If you do I will be joining you as today I have overeaten again!!

BigChocFrenzy · 26/02/2014 18:43

Wombles, Doris, Almost
It took me several months on 5:2to stop Choc Frenzies. Even on my pre-Xmas no-junk weeks, there were a couple of weekends when I binged. I just accepted it as part of my journey to a healthier WOE and tried to do better the next day.

I've never got emotional or guilty about binging (but I realise it's easier to have that attitude when I've never been overweight)
However, I knew 5000-cal Choc Frenzies are unhealthy at any weight (cancer, diabetes ...) and that I had to get control.

For me, the marvellous support on these threads was essential: motivation without criticism or judgement. We don't do guilt or finger-pointing.
So many thanks again to all the old hands - Betsy, Tip, Bssh especially - who helped me through that difficult phase. You are the best kind of pals !
Flowers
Calling all sugar junkies:
Just post here when things get tough and the support will help you win through !

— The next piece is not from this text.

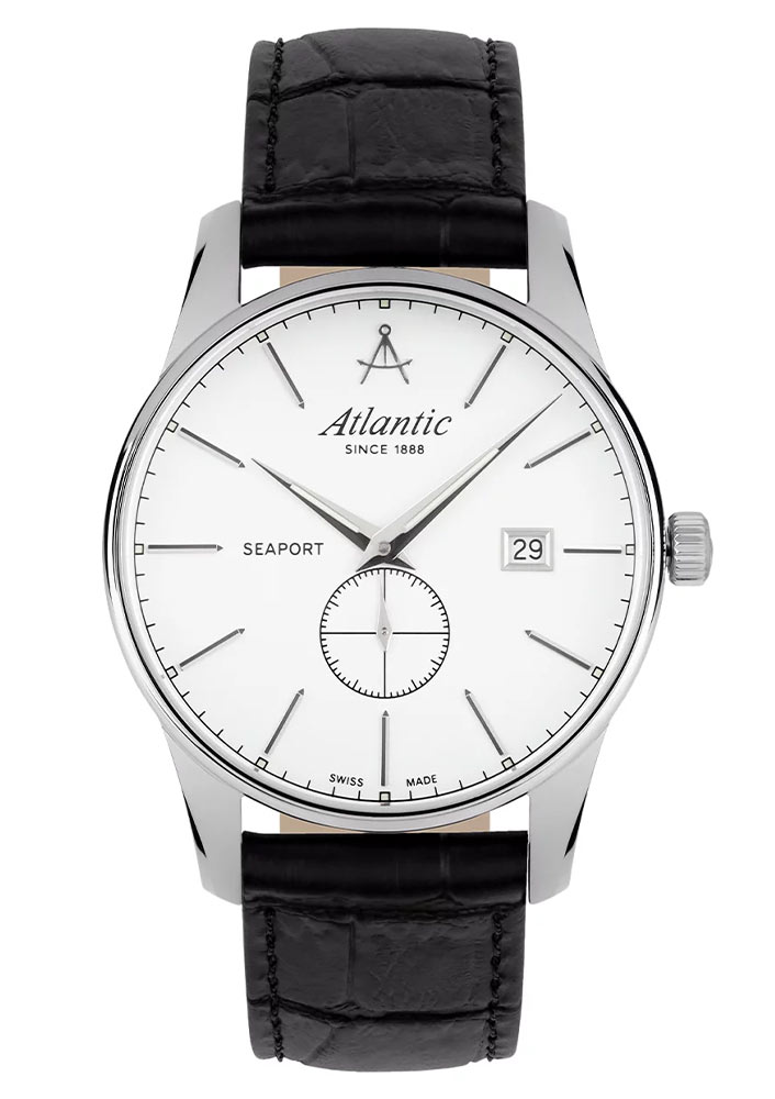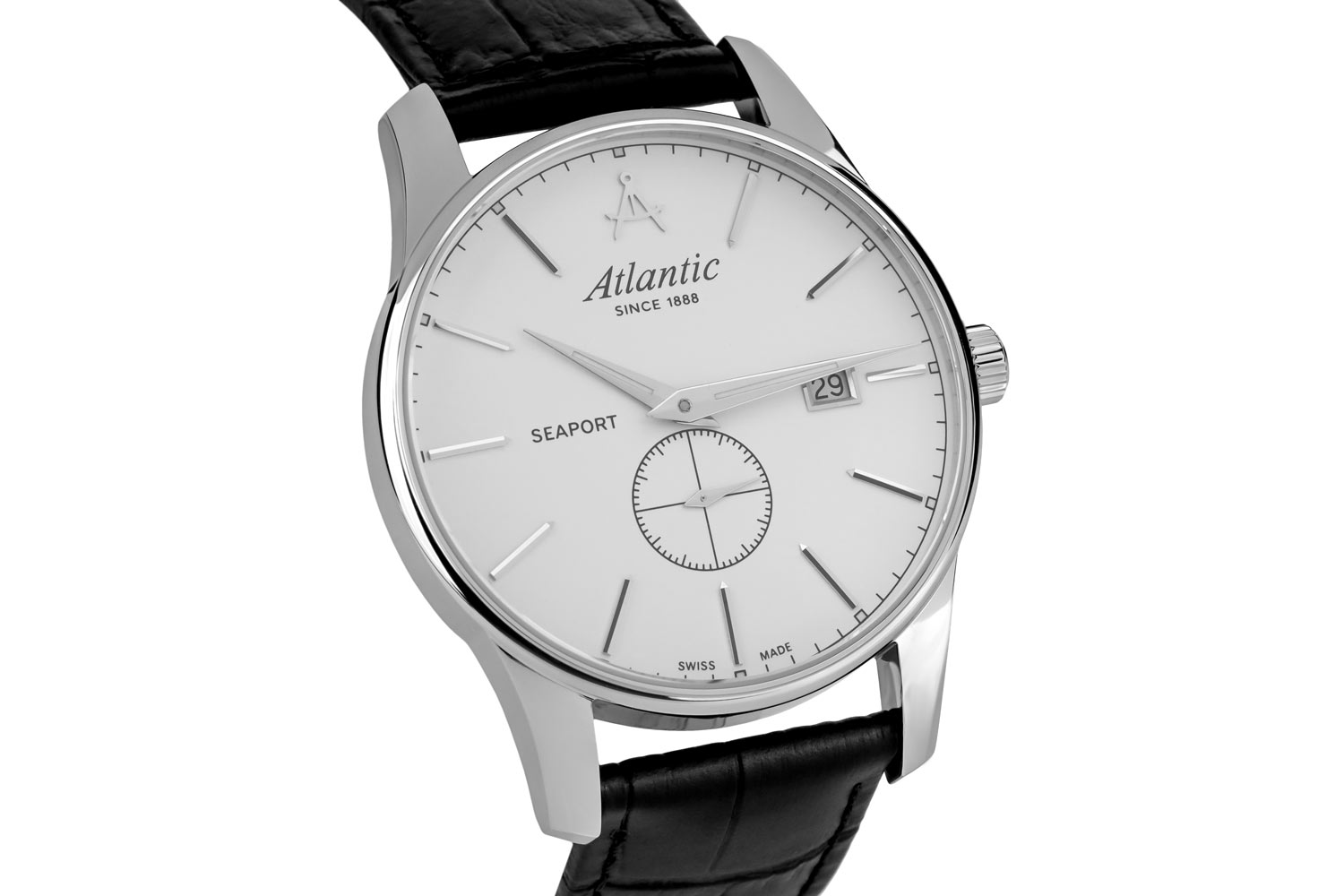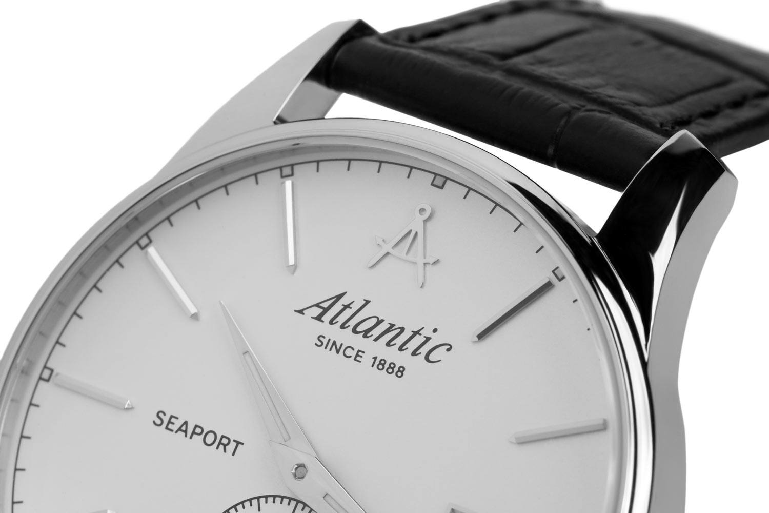 Přední stranu tvoří jasně tenký rámeček, který efektivně zvětšuje oblast ciferníku. Safírové sklíčko odolné proti poškrábání chrání modrý ciferník, který se vyznačuje minimalismem a čitelností. Ciferník má tenké a ostré ručičky a dlouhé ocelové indexy. Šest hodin je vyhrazeno sekundovému subciferníku. Ve dvanáct hodin je logo značky Atlantic, které připomíná kompasy lodního navigátora. Funkčnost je obohacena o datumovku, která ve tři hodiny indikuje aktuální den v měsíci. Hodinky Atlantic na koženém řemínku pohání švýcarský mechanismus Ronda. Hodinky Atlantic z kolekce Seaport budou perfektní volbou pro fanouška jachtingu. Tyto hodinky budou dobrou volbou doplňku jak pro každodenní použití, tak pro speciální příležitosti.

BetsyBell · 26/02/2014 19:04

wombles You stopped! You chose to end a binge. This is HUGE progress.

Listen to bigchoc - she knows her binges and the change in them has been fascinating to watch - and it hasn't taken that long. Just a few months of IF and support on here.

You can do this too :)

OP posts:
MrsFlorrick · 26/02/2014 19:21

Group hug everyone!! GrinGrin

Bigchoc. You're my hero! Quite literally.

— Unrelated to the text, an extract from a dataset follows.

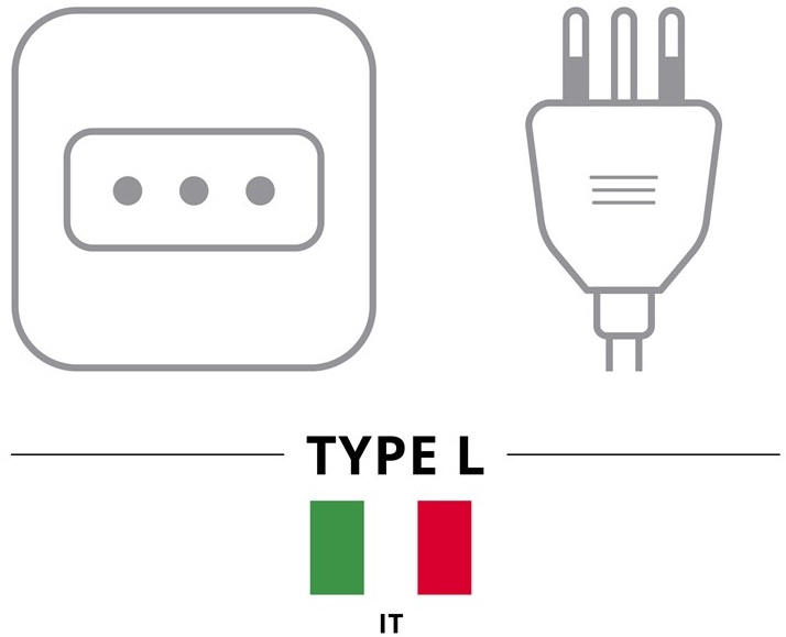 - Collegamento, tipo Spina italia (tipo L, CEI 23-16-VII)

Wombles. Lets pick ourselves up and dust off the crumbs and have a FD tomorrow.

Doris. Thanks

DC in jammies and watching iPad (my appalling parenting knows no bounds today!). Can't wait to put them to bed and collapse into mine. I've washed my face and brushed teeth already. So tired.

DS is singing along to Dinopaws. He is obsessed. So cute. He is only 2 and he knows all the words to the song already.

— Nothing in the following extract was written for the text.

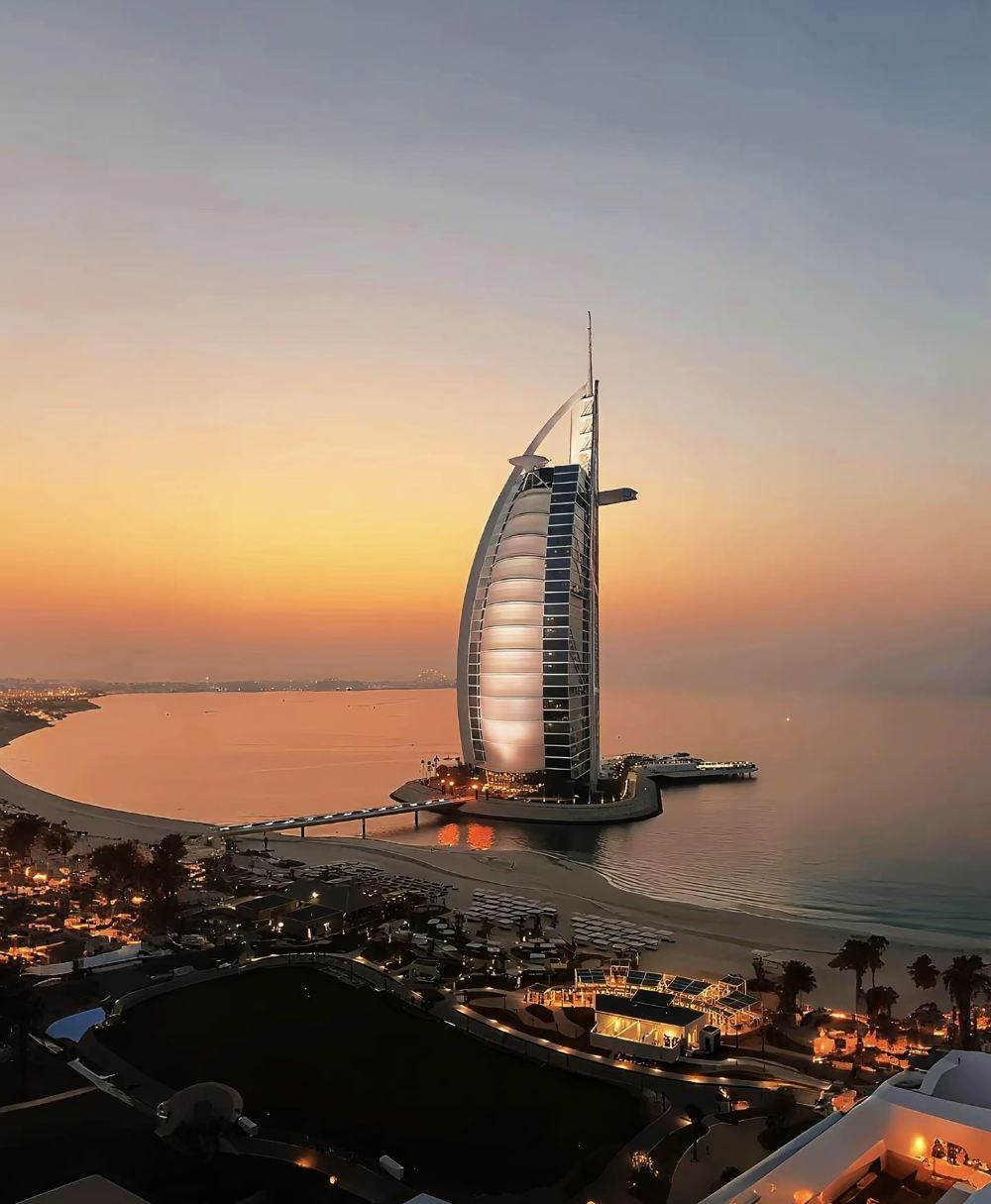 ▲ 帆船酒店:迪拜的标志性建筑,外形酷似一艘扬帆的阿拉伯帆船。可以在酒店外的沙滩或朱美拉公共沙滩享受美景

I may be back later. Waiting to hear if FIL is doing better after his marathon 8 hour operation yesterday. He is still in intensive care. Poor MIL. She is utterly beside herself. Not coping too well according to DH.

BigChocFrenzy · 26/02/2014 19:55

For me, years of low carb restriction are what started the choc bingeing.
My main aim on 5:2 was retaining good health, so I wasn't prepared to cut out whole food groups again.
Also, I found it hard enough cutting out junk without depriving myself of delicious healthy fruit and starches as well.

Anyway, whatever method you choose, don't fixate on low calorie substitutes, or it all just becomes a punishment that makes you long for junk. One battle at a time.

I substituted deliciously indulgent food containing protein, starches and fat:
Banana, melons, plums, strawberries give that sweet kick and if you add fat, such as cream or peanut butter, they feel very luxurious. Add a healthy starch, such as oats or wholegrain bread and you feel satiated.

You can do this ! ^

BigChocFrenzy · 26/02/2014 19:57

MrsF Your DS singing DinoPaws - lovely ! I'm just visualising your little tyke.
Grin

TwittyMcTwitterson · 26/02/2014 20:33

Hi Doris, thanks for asking. Unfortunately she only has one follicle (don't know what that means or how is relevant) but she can only use donor eggs. She's devastated as two years ago she was very fertile for age but wasted that time on stupid men. One of which she's still with Shock

Megrim · 26/02/2014 20:40

womble the good news is that KitKats are good for calcium and iron. Maybe your body was telling you something? Are you taking any vitamin supplements?

womblesofwestminster · 26/02/2014 21:16

it's brilliant that you're off to the gym instead of continuing to self-sab

I would have normally continued to self-sab Blush I even thought about cancelling the gym and doing just that. I'm glad I didn't. Although I had an uber stitch at the gym. Ooops.

I still cried all the way home from the gym. Bloomin' hormones.

zedzedzed I like your idea of eating 1 kitkat's worth of cals LESS each day to cancel it out :) Which leads me onto my next Q:

PORRIDGE EATERS I NEED YOUR HELP!!!!

I'm eating copious amounts of Quaker Oats porridge but it's packed with sugar. What things can I use on regular boring porridge to pimp it up?